→ Task goal
Nothing in the entries may change when you repeat them, and no images may appear.

Saved entries
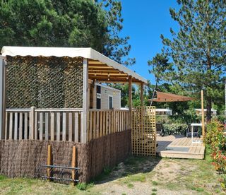 Mobil home situe dans un camping 4* à Lege Cap Ferret - Année 2022 - En parfait état. Situé proche des commerces et de la piscine, en bord d'eau, disposant d'une grande terrasse.
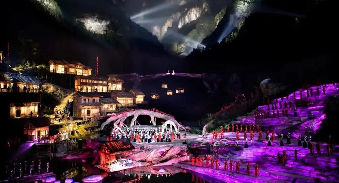 《天门狐仙》取材于民间爱情传说《刘海砍樵》,以天门山奇峰峡谷为背景,花1.5亿打造,是全球首个且唯一在山水实景中演出并有完整故事情节的音乐剧。
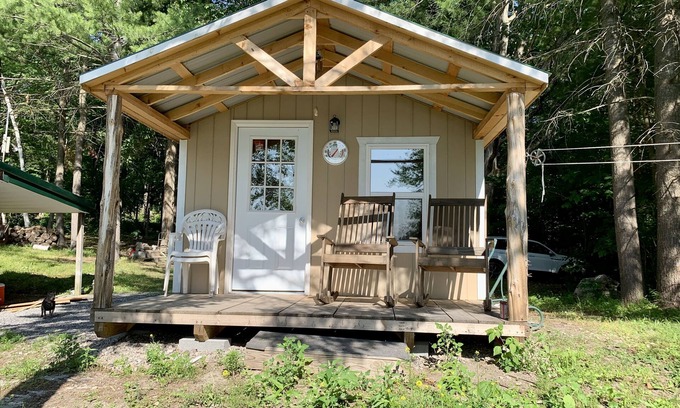 Nestled in the woods on the shores of Black Lake this small waterfront cottage is peaceful and private, offering a large screened porch to sit and watch the sunsets! It has two bedrooms and one bath in the main cottage (530 sq ft) and a separate bunk house (100 sq ft) that allows for sleeping accommodation for 7 additional guests. Kitchen and living area is open plan with a large enclosed back porch that makes a great entertaining space. Two firepits. Dock. BBQ. Peddle boat. Canoe. Lawn games. Camping atmosphere in rear of house and lake vibes in front of house. Fully stocked kitchen. Linens, towels, toiletries all provided. Washer & Dryer. Clothesline. There is access to a private boat ramp 1/4 mile away. We use this place when it isn’t rented so we have everything needed to have a relaxing lake visit. We are always improving and adding value for our guests and ourselves. **Please note that Black Lake is not ideal for swimming due to lake weeds & lake muck.** Also - This is a cottage/camp in a woodsy area on a lake. There is lots of nature around! Fish to catch, birds to watch, mosquitoes to smush… we treat for insects, pests, and critters but we do not have the ability to control Mother Nature. There will be some gnats, mosquitoes, spiders and flies around the outside of the property due to the wooded lake location. We provide mosquito repellant and bug spray. The house itself has room to sleep 6 (1 queen bed, 1 full bed, 1 queen futon) and the bunkhouse has 7 twin beds. There is a step down to access the living room, one bedroom and the porch. There is one step up to the bunkhouse. There is also an unpaved incline to reach the dock/lake. Verizon cell service works great, but there is no service with other cell providers.
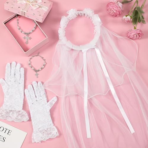 AUGSUN 4Pcs Girls First Communion Veils Set - White Pearl Floral Crown Veil, Lace Gloves, Necklace & Bracelet for Girls Wedding Party Costume
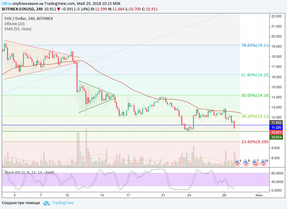 После консолидации в области средних цен, пара EOS/USD пробила поддержку уровня 38.2% фибо (12.12 USD) и в падении смогла зацепится за поддержку на уровне 11.22 USD, предварительно отметившись на локальном минимуме - 10.70 USD. Судя по показаниям стохастика, который находится в зоне перепроданности, падать ниже зеленой отметки на 10.614 USD не входит в планы EOS. По крайней мере сегодня. А это значит, что время для покупок ещё не настало.
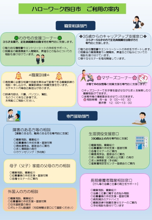 ●求人冊子(直近の求人情報)を更新! ●2月度 イベントカレンダーを追加!! ●2月度 就職相談会予定を追加!! ●2月12日(木)介護・看護・保育個別相談会開催!(参加企業:(株)W、(株)ワンプレイス) ●2月24日(火)生涯現役(65歳以上の方対象)企業説明会開催!(参加企業:三昌物産(株)、四日市ポートサービス(株)、(福)英水会、(合)天米堂)
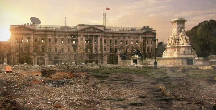 Σάκοι με άμμο, στοιβαγμένοι μπροστά από τα μισογκρεμισμένα τείχη του Μπάκιγχαμ, του οποίου στέκει όρθιο μόνο το ρημαγμένο κουφάρι. Την ίδια ώρα στο Albert Docks του Λίβερπουλ τα αναρριχητικά  φυτά έχουν κρύψει το κτίριο, που μοιάζει στοιχειωμένο. Αυτές οι φωτογραφίες αποτελούν μια ανατριχιαστική προσομοίωση του πώς θα ήταν ιδιαίτερα αναγνωρίσιμα κτίρια της Βρετανίας ύστερα από μια πανδημία.
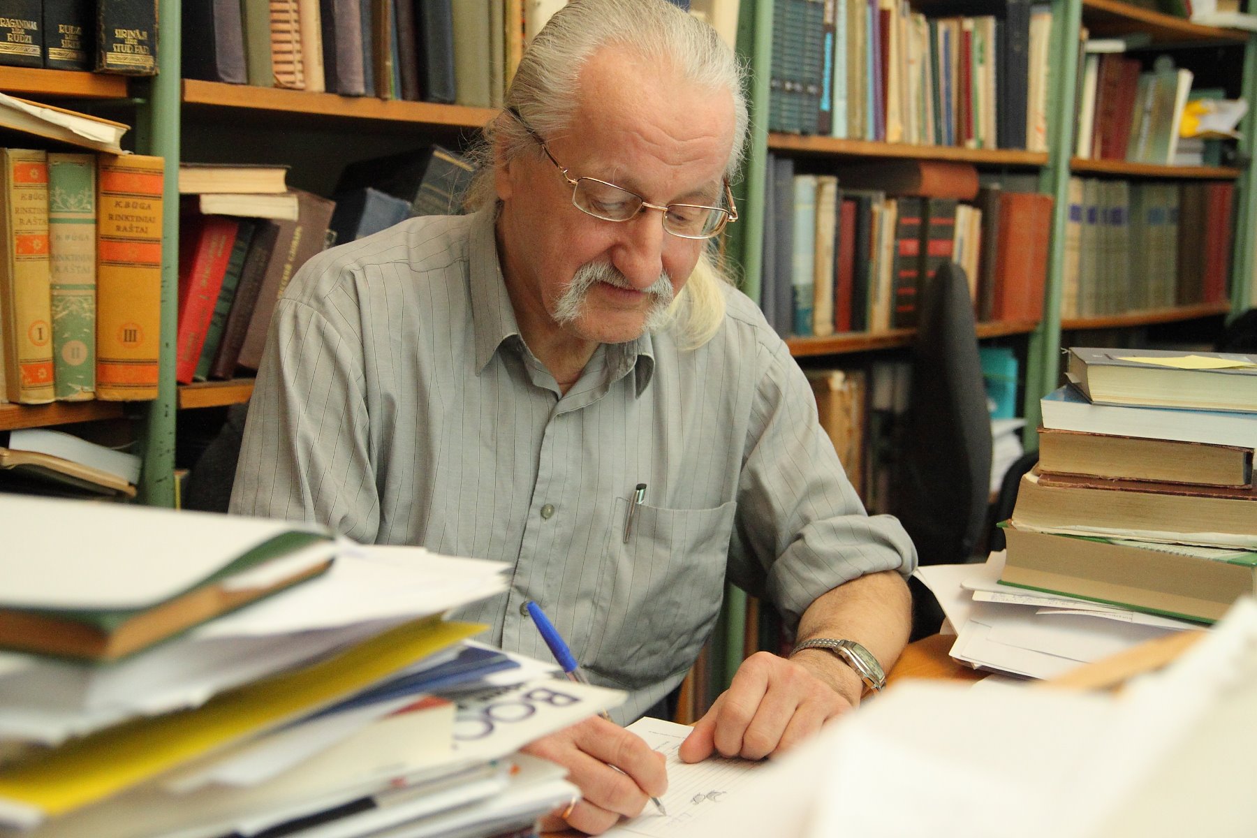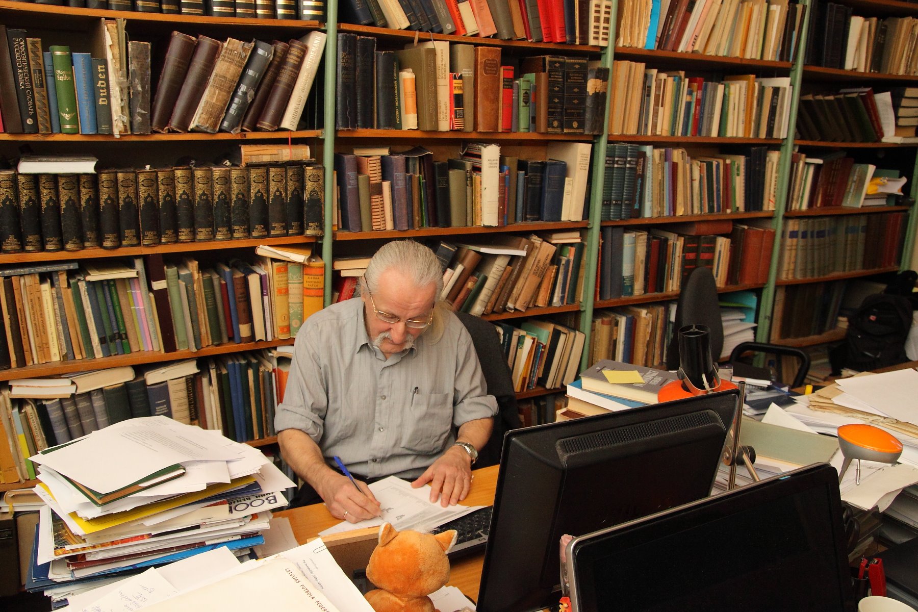 Aktīvākās darba stundas Latvijas Universitātes (LU) Latviešu valodas institūta direktores vietniekam Ojāram Bušam aizrit Latvijas Zinātņu akadēmijas 9. stāvā. Viņš ir poliglots, onomasts, valodas pētnieks un futbola fans vienā personā. No viņa kabineta loga paveras skats uz miglā tīto Ķengaragu un televīzijas torni.
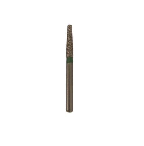 Рабочая часть с конусной формой толщиной 1,8 мм и грубой зернистостью алмазной крошки позволяет эффективно удалять материал, сохраняя точность. Хвостовик прочно фиксируется в ротационном наконечнике, вращаясь с частотой до 450 тыс. об/мин без вибрации.
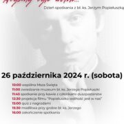 Serdecznie zapraszamy środowisko młodzieży i studentów do uczestnictwa w spotkaniach organizowanych w parafii św. Stanisława Kostki na Warszawskim Żoliborzu z okazji 40 rocznicy męczeńskiej śmierci ks. Jerzego Popiełuszki
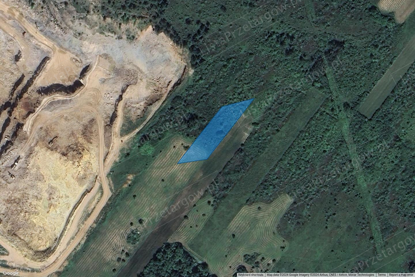 Nieruchomość jest niezabudowana, nieogrodzona. Porośnięta krzewami i drzewami. Według ewidencji gruntów nieruchomość została sklasyfikowana, jako grunty orne klasy IVb i V oraz pastwiska trwałe klasy VI. Kształt w obrysie przestrzennym przypominający wydłużony równoległobok. Otoczenie nieruchomości stanowią grunty niezabudowane, rolne oraz kopalnia odkrywkowa. Brak dostępu do drogi.
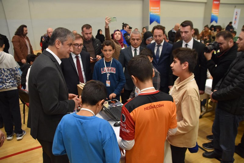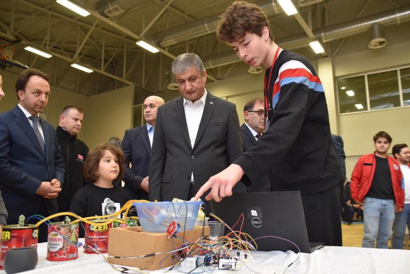 Vali Yavuz projeleri inceleyerek, öğrencilerden çalışmaları hakkında bilgi aldı.
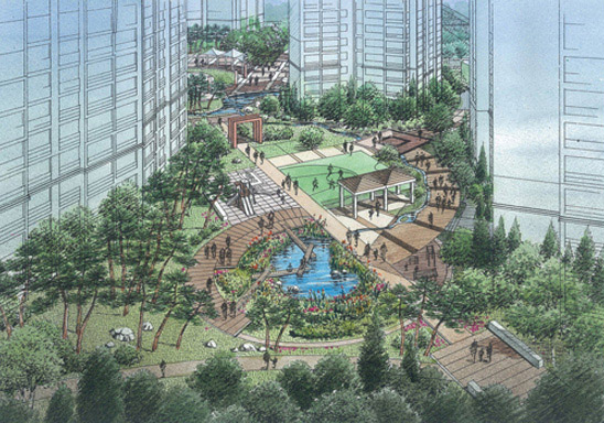 탑상형과 절곡형을 적절하게 배치하여 한강 및 검단산 등 주변 경관의 조망과 통경축을 확보하였다. 또한 B-5 블럭은 수공간 활용 단지로, C-1 블럭은 태양 에너지 활용단지로 계획하여 환경도시라는 이름에 걸맞는 생태주거단지를 조성하였다.
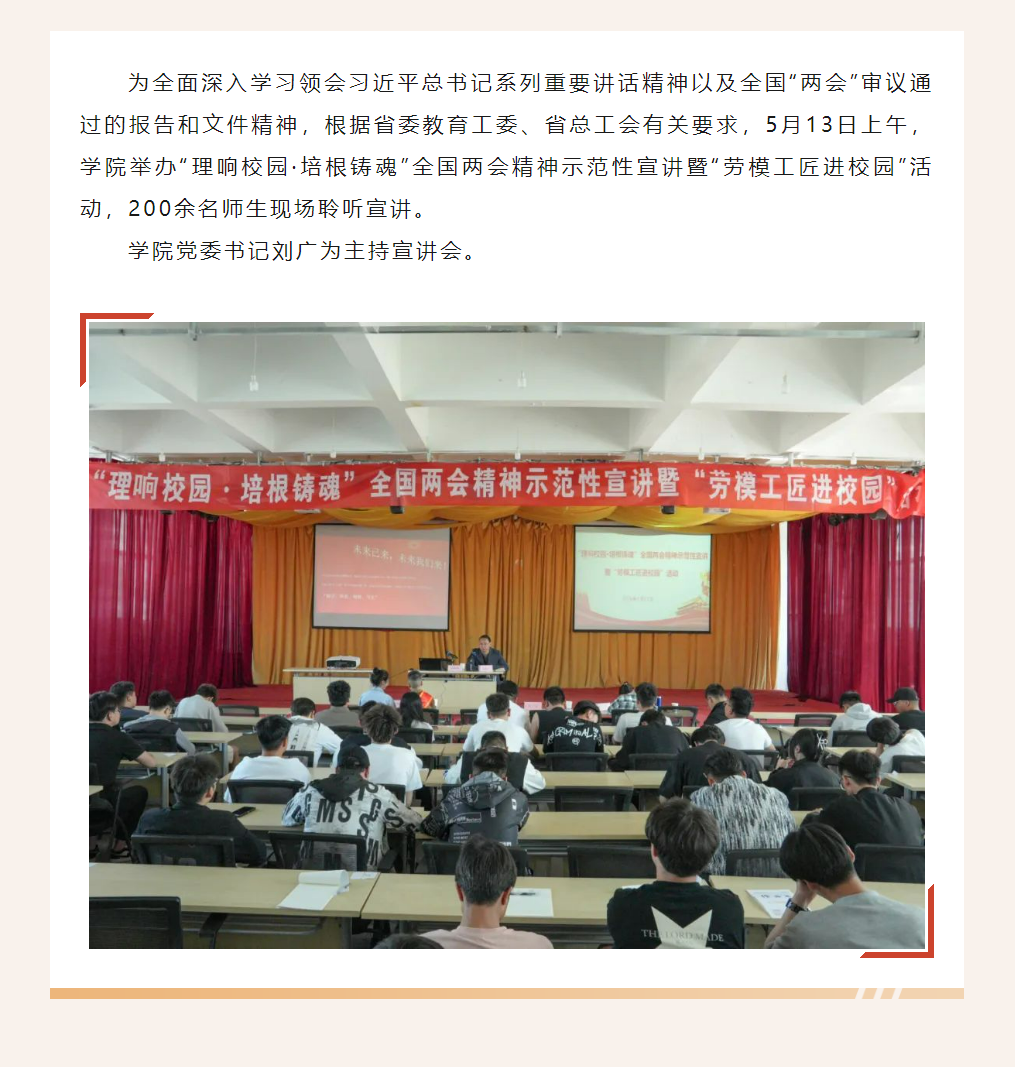 学院举办“理响校园·培根铸魂”全国两会精神示范性宣讲暨“劳模工匠进校园”活动

→ Exercise output
 Mobil home situe dans un camping 4* à Lege Cap Ferret - Année 2022 - En parfait état. Situé proche des commerces et de la piscine, en bord d'eau, disposant d'une grande terrasse.
 《天门狐仙》取材于民间爱情传说《刘海砍樵》,以天门山奇峰峡谷为背景,花1.5亿打造,是全球首个且唯一在山水实景中演出并有完整故事情节的音乐剧。
 Nestled in the woods on the shores of Black Lake this small waterfront cottage is peaceful and private, offering a large screened porch to sit and watch the sunsets! It has two bedrooms and one bath in the main cottage (530 sq ft) and a separate bunk house (100 sq ft) that allows for sleeping accommodation for 7 additional guests. Kitchen and living area is open plan with a large enclosed back porch that makes a great entertaining space. Two firepits. Dock. BBQ. Peddle boat. Canoe. Lawn games. Camping atmosphere in rear of house and lake vibes in front of house. Fully stocked kitchen. Linens, towels, toiletries all provided. Washer & Dryer. Clothesline. There is access to a private boat ramp 1/4 mile away. We use this place when it isn’t rented so we have everything needed to have a relaxing lake visit. We are always improving and adding value for our guests and ourselves. **Please note that Black Lake is not ideal for swimming due to lake weeds & lake muck.** Also - This is a cottage/camp in a woodsy area on a lake. There is lots of nature around! Fish to catch, birds to watch, mosquitoes to smush… we treat for insects, pests, and critters but we do not have the ability to control Mother Nature. There will be some gnats, mosquitoes, spiders and flies around the outside of the property due to the wooded lake location. We provide mosquito repellant and bug spray. The house itself has room to sleep 6 (1 queen bed, 1 full bed, 1 queen futon) and the bunkhouse has 7 twin beds. There is a step down to access the living room, one bedroom and the porch. There is one step up to the bunkhouse. There is also an unpaved incline to reach the dock/lake. Verizon cell service works great, but there is no service with other cell providers.
 AUGSUN 4Pcs Girls First Communion Veils Set - White Pearl Floral Crown Veil, Lace Gloves, Necklace & Bracelet for Girls Wedding Party Costume
 После консолидации в области средних цен, пара EOS/USD пробила поддержку уровня 38.2% фибо (12.12 USD) и в падении смогла зацепится за поддержку на уровне 11.22 USD, предварительно отметившись на локальном минимуме - 10.70 USD. Судя по показаниям стохастика, который находится в зоне перепроданности, падать ниже зеленой отметки на 10.614 USD не входит в планы EOS. По крайней мере сегодня. А это значит, что время для покупок ещё не настало.
 ●求人冊子(直近の求人情報)を更新! ●2月度 イベントカレンダーを追加!! ●2月度 就職相談会予定を追加!! ●2月12日(木)介護・看護・保育個別相談会開催!(参加企業:(株)W、(株)ワンプレイス) ●2月24日(火)生涯現役(65歳以上の方対象)企業説明会開催!(参加企業:三昌物産(株)、四日市ポートサービス(株)、(福)英水会、(合)天米堂)
 Σάκοι με άμμο, στοιβαγμένοι μπροστά από τα μισογκρεμισμένα τείχη του Μπάκιγχαμ, του οποίου στέκει όρθιο μόνο το ρημαγμένο κουφάρι. Την ίδια ώρα στο Albert Docks του Λίβερπουλ τα αναρριχητικά  φυτά έχουν κρύψει το κτίριο, που μοιάζει στοιχειωμένο. Αυτές οι φωτογραφίες αποτελούν μια ανατριχιαστική προσομοίωση του πώς θα ήταν ιδιαίτερα αναγνωρίσιμα κτίρια της Βρετανίας ύστερα από μια πανδημία.
 Aktīvākās darba stundas Latvijas Universitātes (LU) Latviešu valodas institūta direktores vietniekam Ojāram Bušam aizrit Latvijas Zinātņu akadēmijas 9. stāvā. Viņš ir poliglots, onomasts, valodas pētnieks un futbola fans vienā personā. No viņa kabineta loga paveras skats uz miglā tīto Ķengaragu un televīzijas torni.
 Рабочая часть с конусной формой толщиной 1,8 мм и грубой зернистостью алмазной крошки позволяет эффективно удалять материал, сохраняя точность. Хвостовик прочно фиксируется в ротационном наконечнике, вращаясь с частотой до 450 тыс. об/мин без вибрации.
 Serdecznie zapraszamy środowisko młodzieży i studentów do uczestnictwa w spotkaniach organizowanych w parafii św. Stanisława Kostki na Warszawskim Żoliborzu z okazji 40 rocznicy męczeńskiej śmierci ks. Jerzego Popiełuszki
 Nieruchomość jest niezabudowana, nieogrodzona. Porośnięta krzewami i drzewami. Według ewidencji gruntów nieruchomość została sklasyfikowana, jako grunty orne klasy IVb i V oraz pastwiska trwałe klasy VI. Kształt w obrysie przestrzennym przypominający wydłużony równoległobok. Otoczenie nieruchomości stanowią grunty niezabudowane, rolne oraz kopalnia odkrywkowa. Brak dostępu do drogi.
 Vali Yavuz projeleri inceleyerek, öğrencilerden çalışmaları hakkında bilgi aldı.
 탑상형과 절곡형을 적절하게 배치하여 한강 및 검단산 등 주변 경관의 조망과 통경축을 확보하였다. 또한 B-5 블럭은 수공간 활용 단지로, C-1 블럭은 태양 에너지 활용단지로 계획하여 환경도시라는 이름에 걸맞는 생태주거단지를 조성하였다.
 学院举办“理响校园·培根铸魂”全国两会精神示范性宣讲暨“劳模工匠进校园”活动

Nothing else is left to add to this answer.